Accessing Oracle Cloud Infrastructure (OCI) using Google G Suite SSO

Posted in: Cloud, Oracle

Background

One of the nice things about so many web apps these days is how easily they integrate with Google authentication and Single Sign-on (SSO). This is thanks to web-based authentication and authorization technologies such as SAML and OAuth.

So the logical question is: if our organization uses Google G Suite as our directory service, can we configure G Suite users for Oracle Cloud Infrastructure (OCI) authentication and access? So OCI cloud admins won’t have to manage and enter OCI specific credentials but rather can just click on their G Suite SSO user to log into OCI?

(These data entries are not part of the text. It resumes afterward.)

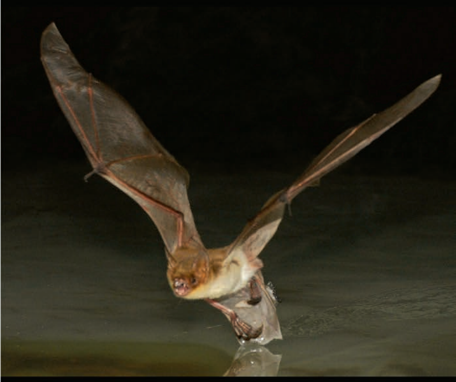
he flight of a Baja California fish-eating bat is observed in a flight cage.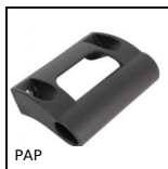
PAP Handle for aluminium profile, Ergonomic handle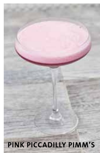
PINK PICCADILLY PIMM'S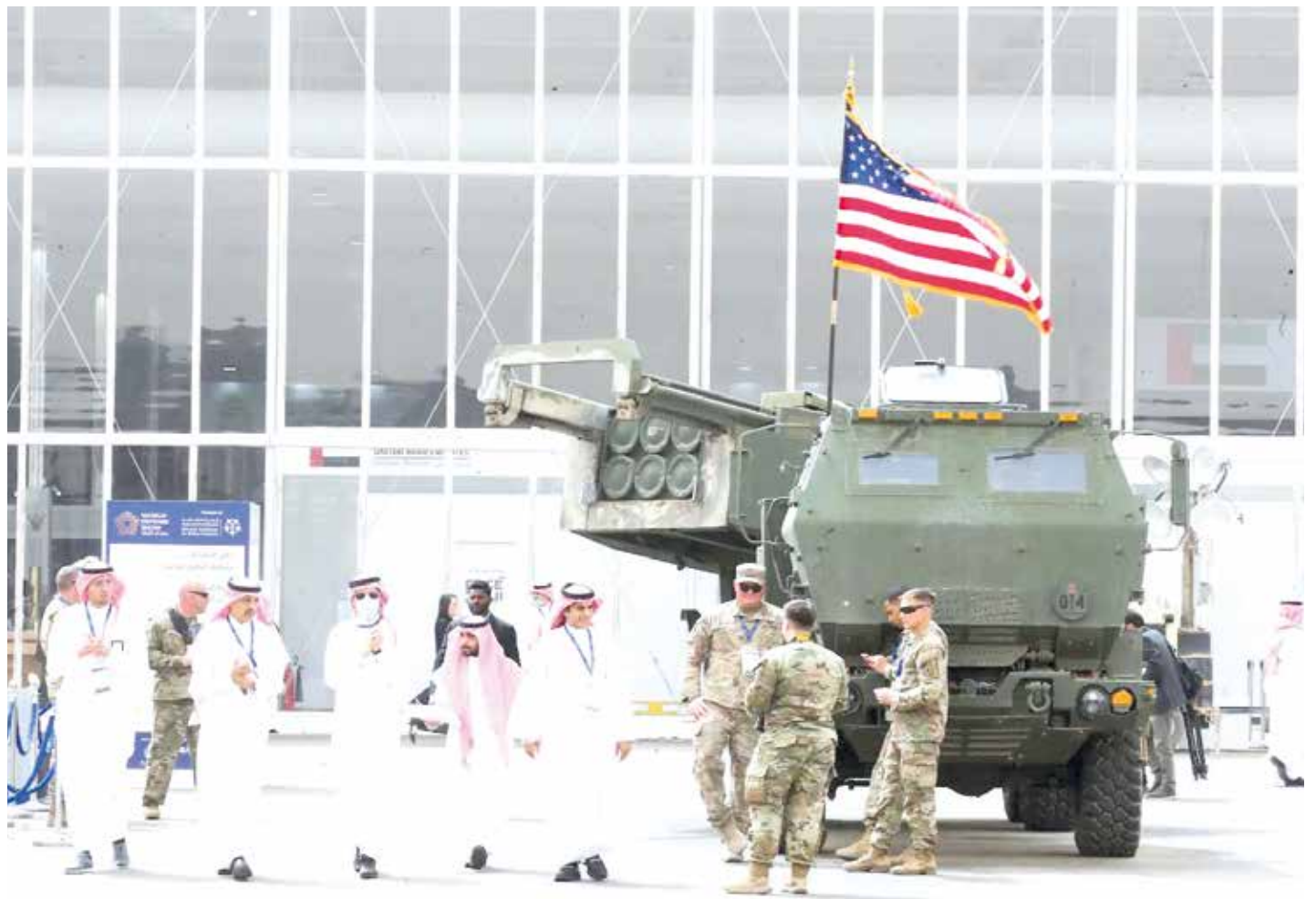
Saudi men near a US Army defence system on display at World Defense Show in Riyadh in March. (Image used for illustrative purposes only)

"I affirmed to him the Saudi-led coalition's backing of the Yemeni Presidential Leadership Council and its supporting entities, and our aspirations for reaching a comprehensive political resolution to the crisis that will lead Yemen into peace and prosperity," Prince Khalid said in a tweet.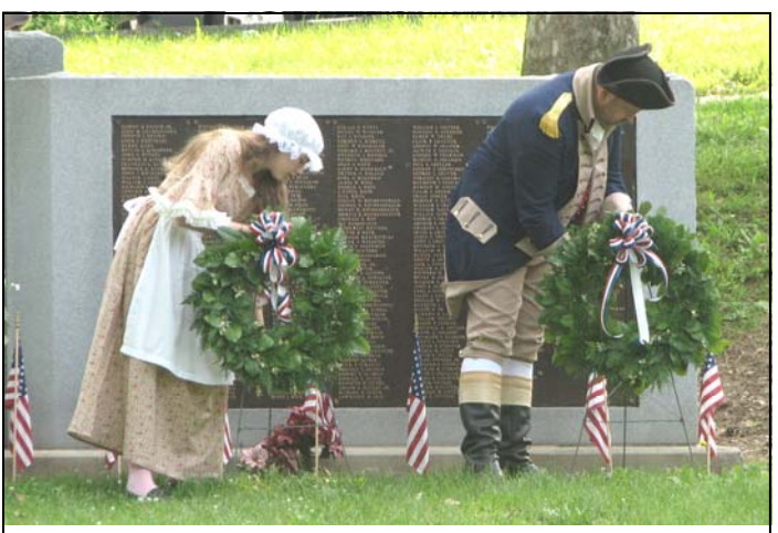
Memorial Day Ceremony in City Park, Reading May 25, 2009.

The Oracle documentation talks about identity federation with Oracle Identity Cloud Service or Microsoft Active Directory but mentions nothing about Google G Suite. Fortunately, though, both OCI and G Suite are SAML (Security Assertion Markup Language) 2.0 compliant so the answer is clearly “YES”.

Hence, setting up OCI access using G Suite authentication is possible and actually pretty simple.

 

Implementation summary

The implementation is really only a one-time setup process but does require administrative access to both OCI and G Suite. For SAML, there are three entities involved:

  • Users: the cloud infrastructure administrators who need to connect to OCI.
  • Identity Provider: in this case, the IdP is Google G Suite.
  • Service Provider: in this case, the SP will be OCI, of course.

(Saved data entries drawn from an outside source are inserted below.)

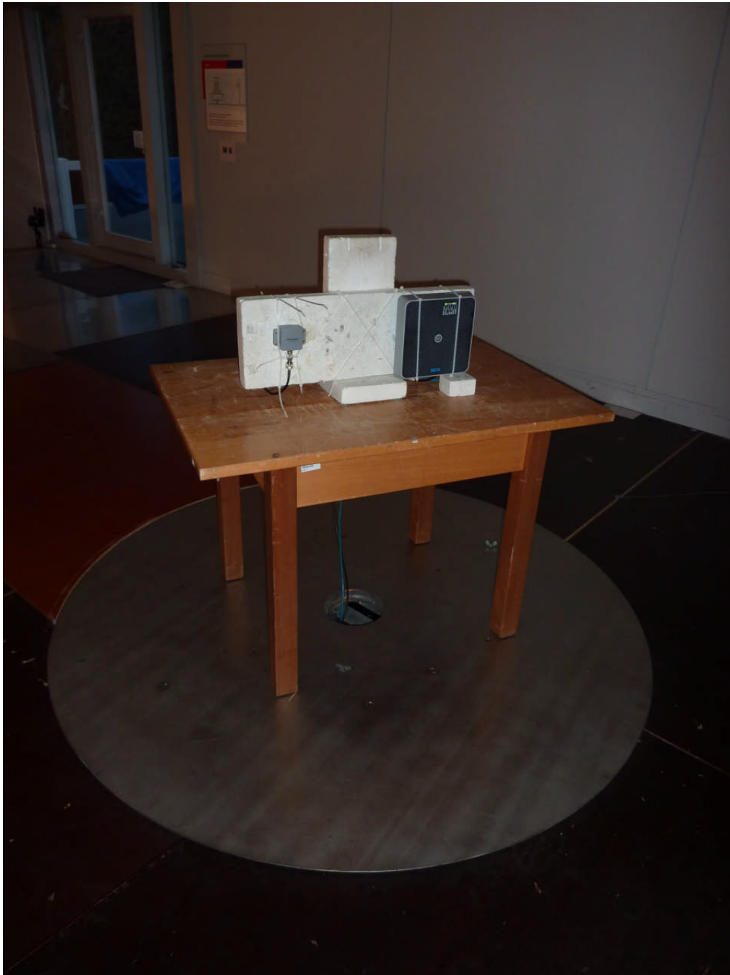
113961_z.JPG: EUT with external ULORA antenna, test set-up open area test site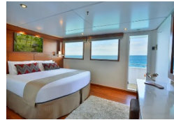
Category 04. From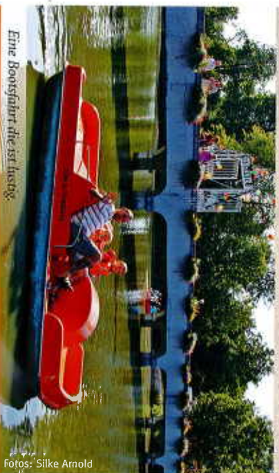
Eine Bootsfahrt über die Inselzug.

The process can be summarized as:

  1. Configuring G Suite to accept authentication requests from, and send the pertinent data back to, your OCI Tenancy.
  2. Adding G Suite group(s) to manage OCI users in the G Suite directory service. (Optional: implement as necessary.)
  3. Federate OCI as an SP using G Suite as the IdP.
  4. Map G Suite groups to OCI groups as necessary.
  5. Add the necessary policy statements to the OCG groups as necessary.

 

Setup details

Setup starts on the OCI Federation screen. Using the OCI sidebar, navigate to Identity -> Federation:

 

Here you likely only have one federated identity provider, “Oracle Identity Cloud Service”:

 

The key is the link in the bottom right for downloading metadata required for setup with other SAML 2.0-compliant identity providers. Choose the Download this document link and open the resulting XML file.

Near the top, you’ll see a URL labelled “entityID” which includes your Tenancy OCID. For example:

 

You’ll need this URL for the G-Side side of the setup – G Suite doesn’t have an option to import this data.

The format is clearly:

https://auth.<home_region>.oraclecloud.com/v1/saml/<tenancy_ocid>

Hence, the same data could have been manually constructed instead of downloading and analyzing the metadata XML.

Another URL that will be needed later is in the AssertionConsumerService XML element. However, inspection shows that the URL is exactly the same and the entityID URL.

Next, setup on the G Suite side is required. From G Suite, log into the Admin console (https://admin.google.com) choose Apps -> SAML apps from either the main landing page icon or the menu:

 

From the SAML apps page, choose Add a service/App to your domain (or press the yellow plus button).

Oracle isn’t a known service/app so choose the SETUP MY OWN CUSTOM APP button at the bottom:

 

We need to save the G Suite Identity Provider (IdP) XML metadata so it can be loaded into OCI. Choose Option 2 IDP Metadata from the Step 2 screen:

 

On the Step 3 screen, enter in a name for the new SAML app. For example: OCI-<tenancy name>. Upload a logo if desired.

 

In Step 4, enter the OCI URL determined earlier (that contains your tenancy OCID) for both the ACS URL and the Entity ID fields:

 

Step 5 asks for optional Attribute Mappings – none are required for OCI SSO.

 

Press Finish and observe a confirmation that the new SAML app has been created:

 

At this point, the service needs to be enabled and a G Suite group should be configured specifically for OCI admin (it’s recommended but not mandatory to specify a new G Suite group – an existing one could be reused):

 

Navigate to your G Suite groups page and choose to create a new group. Enter an appropriate name such as oci-<tenancy_name>-<functional_purpose> :

 

Add the required G Suite users or groups to the new group:

 

Lastly, the new G Suite service needs to be enabled for the appropriate users. From the Admin console navigate back to the SAML Apps :

 

Choose the ellipses on the right and the option ON for some. Then turn on the necessary G Suite organizations:

 

Press APPLY and then TURN ON from the subsequent screen. Notice the warning that it may take some time for the change to come into effect (but likely not 24 hours).

 

The remaining setup is done on the OCI side. Back at the OCI Federation page choose Add Identity Provider (we can have more than one).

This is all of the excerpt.